Task input section start
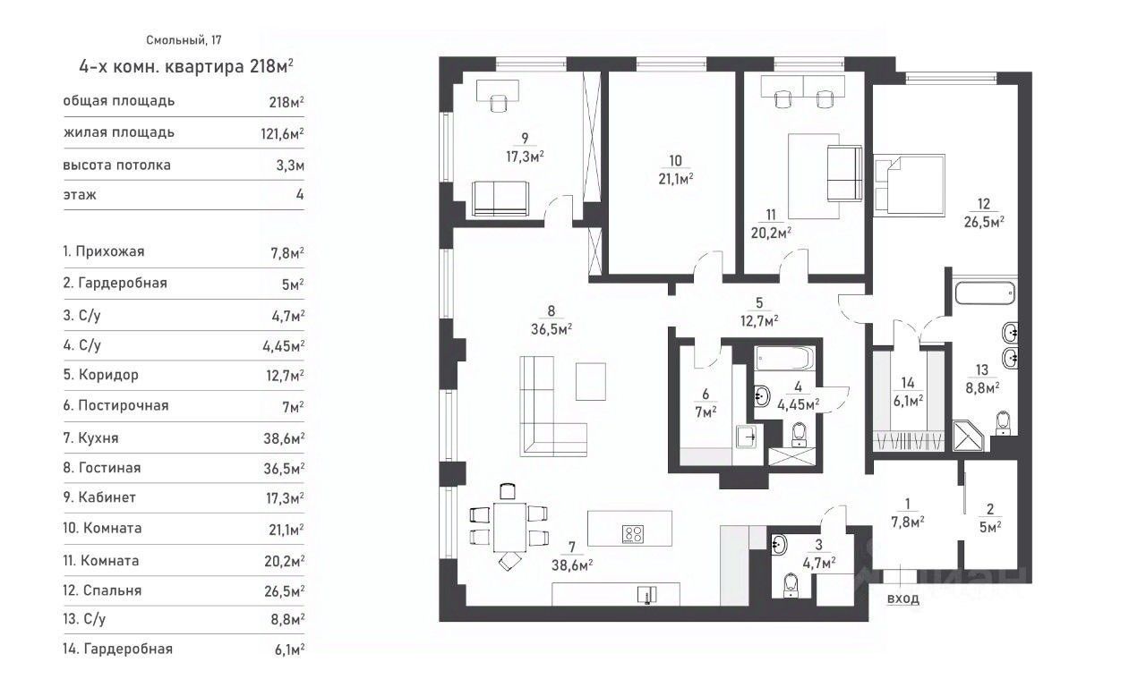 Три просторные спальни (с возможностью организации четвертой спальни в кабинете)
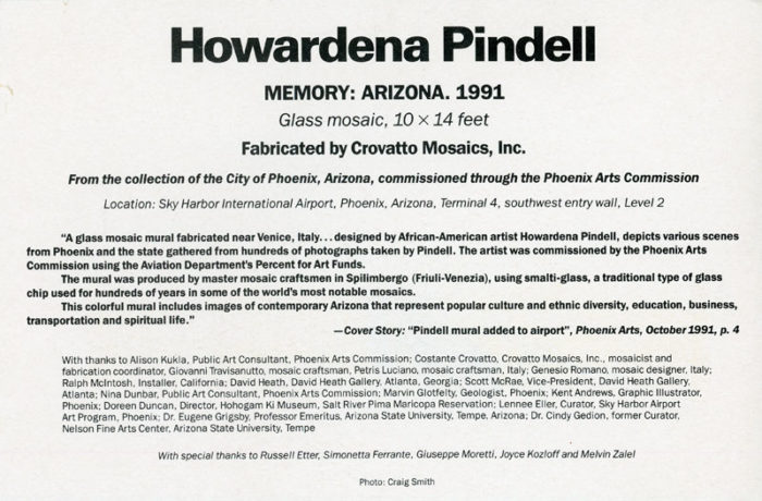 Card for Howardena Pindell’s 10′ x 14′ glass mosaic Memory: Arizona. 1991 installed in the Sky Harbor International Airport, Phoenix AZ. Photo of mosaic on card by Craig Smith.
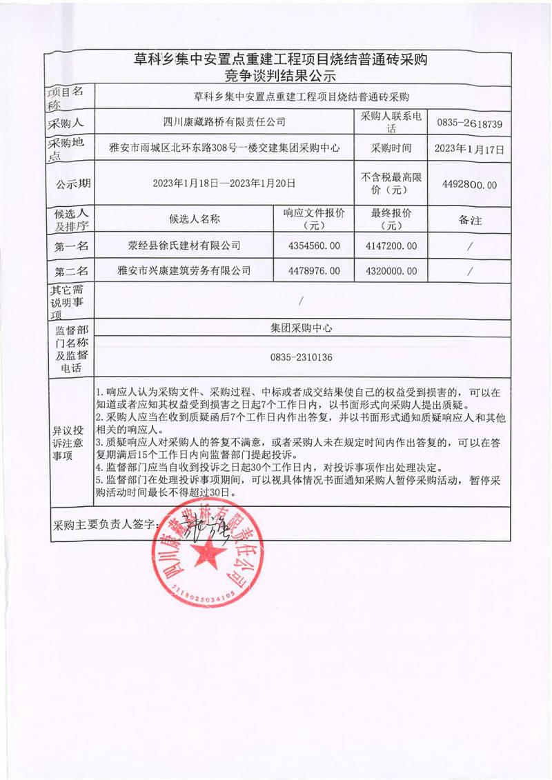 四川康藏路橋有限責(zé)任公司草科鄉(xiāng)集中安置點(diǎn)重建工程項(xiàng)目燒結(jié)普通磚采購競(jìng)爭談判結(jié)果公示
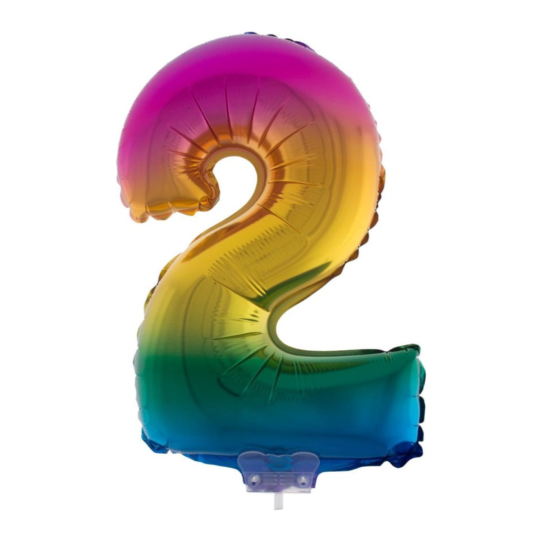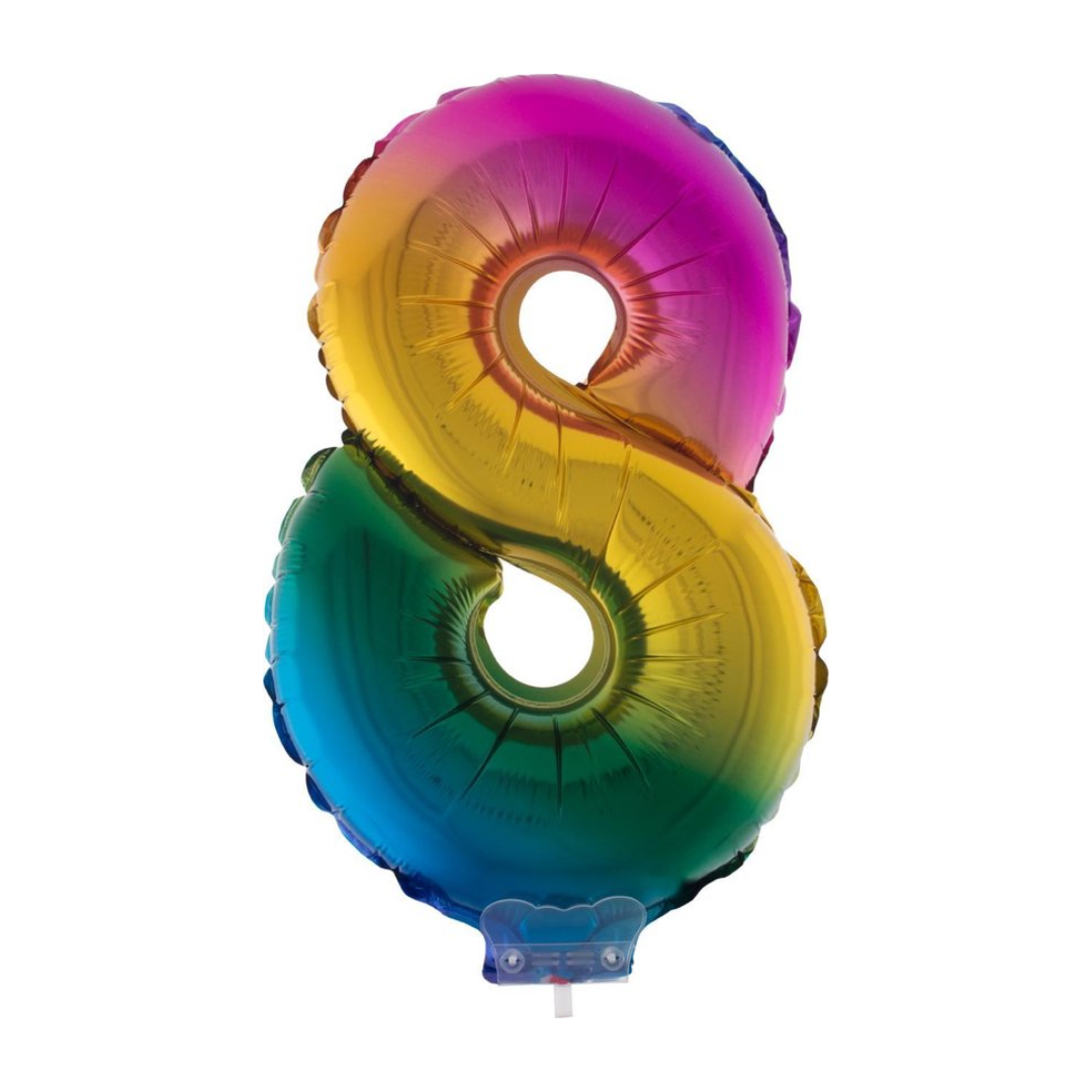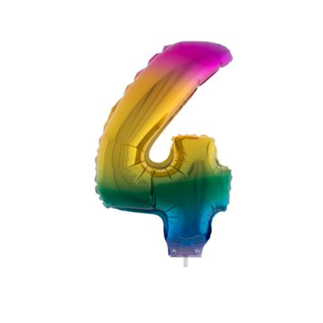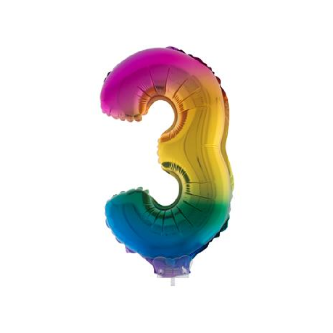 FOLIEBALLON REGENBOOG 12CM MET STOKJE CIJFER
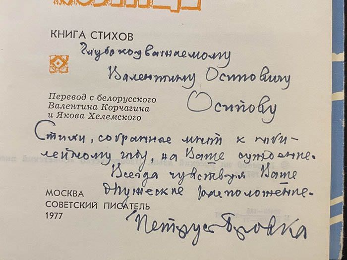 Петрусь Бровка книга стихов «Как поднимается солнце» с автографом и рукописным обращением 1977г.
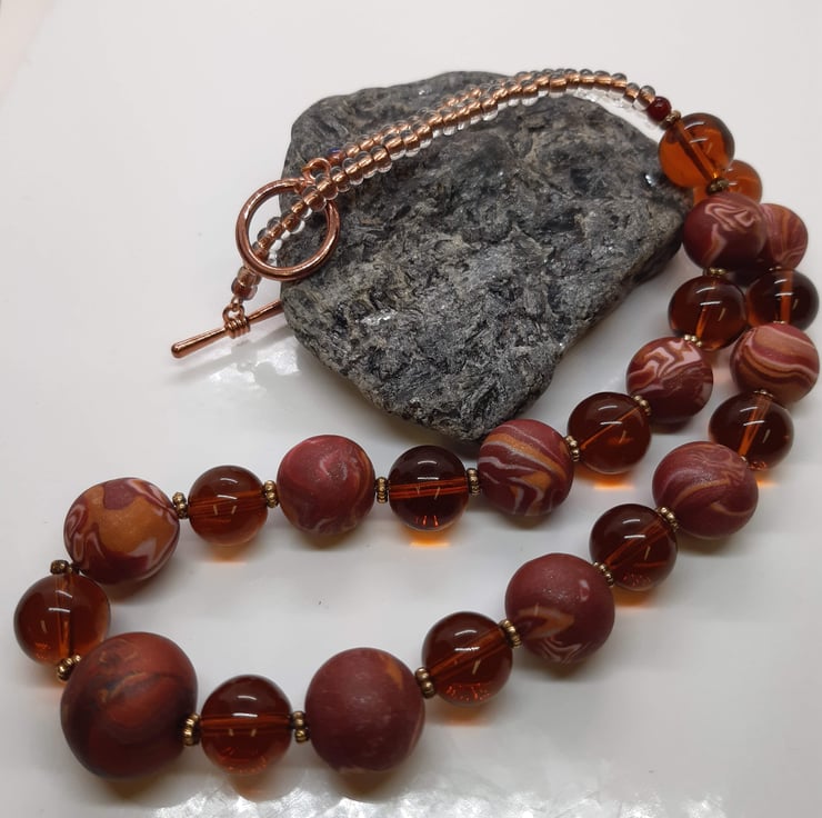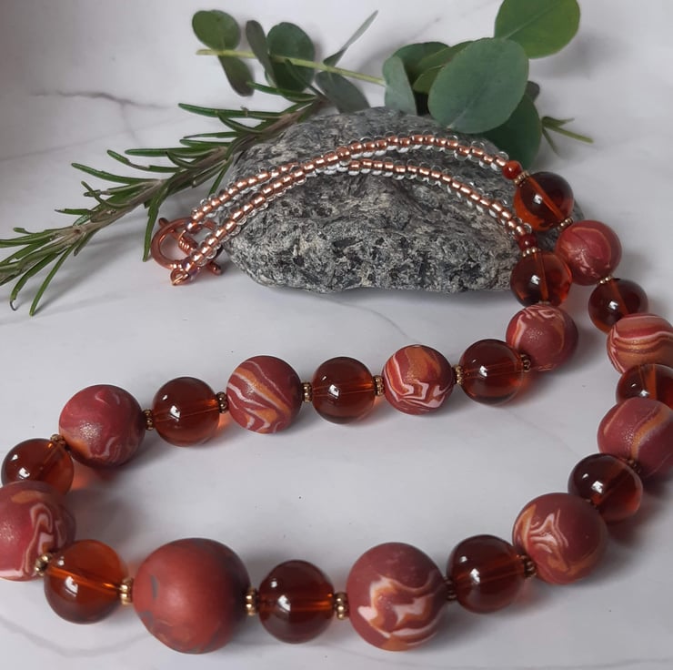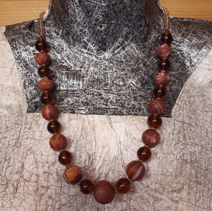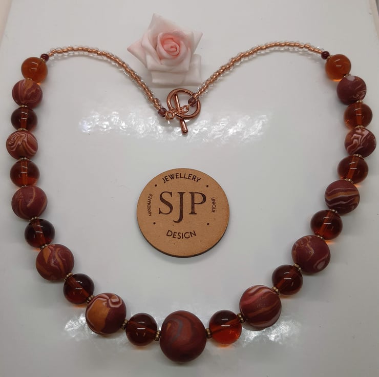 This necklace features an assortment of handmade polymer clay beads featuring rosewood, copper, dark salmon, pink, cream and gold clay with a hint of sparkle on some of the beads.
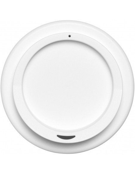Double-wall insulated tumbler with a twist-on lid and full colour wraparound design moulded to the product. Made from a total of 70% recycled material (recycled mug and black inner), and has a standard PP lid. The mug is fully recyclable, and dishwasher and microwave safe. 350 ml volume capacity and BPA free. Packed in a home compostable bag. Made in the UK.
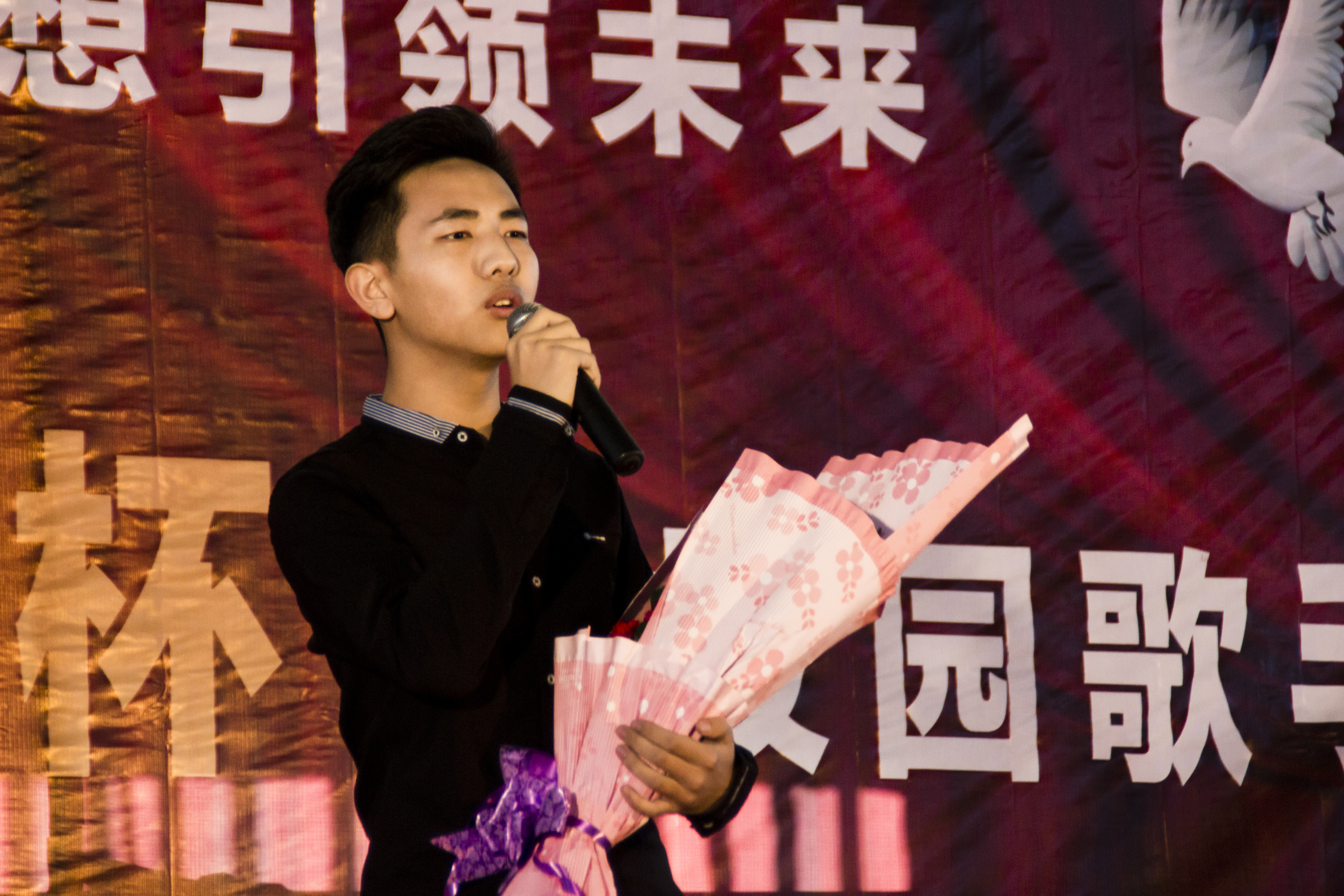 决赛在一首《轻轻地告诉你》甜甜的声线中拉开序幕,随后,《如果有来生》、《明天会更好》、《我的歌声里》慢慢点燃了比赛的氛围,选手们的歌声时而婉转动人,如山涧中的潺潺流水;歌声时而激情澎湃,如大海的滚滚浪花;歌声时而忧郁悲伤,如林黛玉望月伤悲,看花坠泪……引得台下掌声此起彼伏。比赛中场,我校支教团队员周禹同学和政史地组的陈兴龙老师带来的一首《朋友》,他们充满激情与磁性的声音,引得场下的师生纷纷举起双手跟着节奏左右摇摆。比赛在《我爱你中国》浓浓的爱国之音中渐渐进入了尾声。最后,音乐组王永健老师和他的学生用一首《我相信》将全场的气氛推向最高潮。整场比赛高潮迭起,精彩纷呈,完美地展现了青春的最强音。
Task input section end
■ Problem to work on ■
Starting with the first line of the data above and ending with the line containing "Double-wall insulated tumbler", please restate every line exactly, leaving images out.

■ Written solution ■
 Три просторные спальни (с возможностью организации четвертой спальни в кабинете)
 Card for Howardena Pindell’s 10′ x 14′ glass mosaic Memory: Arizona. 1991 installed in the Sky Harbor International Airport, Phoenix AZ. Photo of mosaic on card by Craig Smith.
 四川康藏路橋有限責(zé)任公司草科鄉(xiāng)集中安置點(diǎn)重建工程項(xiàng)目燒結(jié)普通磚采購競(jìng)爭談判結(jié)果公示
 FOLIEBALLON REGENBOOG 12CM MET STOKJE CIJFER
 Петрусь Бровка книга стихов «Как поднимается солнце» с автографом и рукописным обращением 1977г.
 This necklace features an assortment of handmade polymer clay beads featuring rosewood, copper, dark salmon, pink, cream and gold clay with a hint of sparkle on some of the beads.
Double-wall insulated tumbler with a twist-on lid and full colour wraparound design moulded to the product. Made from a total of 70% recycled material (recycled mug and black inner), and has a standard PP lid. The mug is fully recyclable, and dishwasher and microwave safe. 350 ml volume capacity and BPA free. Packed in a home compostable bag. Made in the UK.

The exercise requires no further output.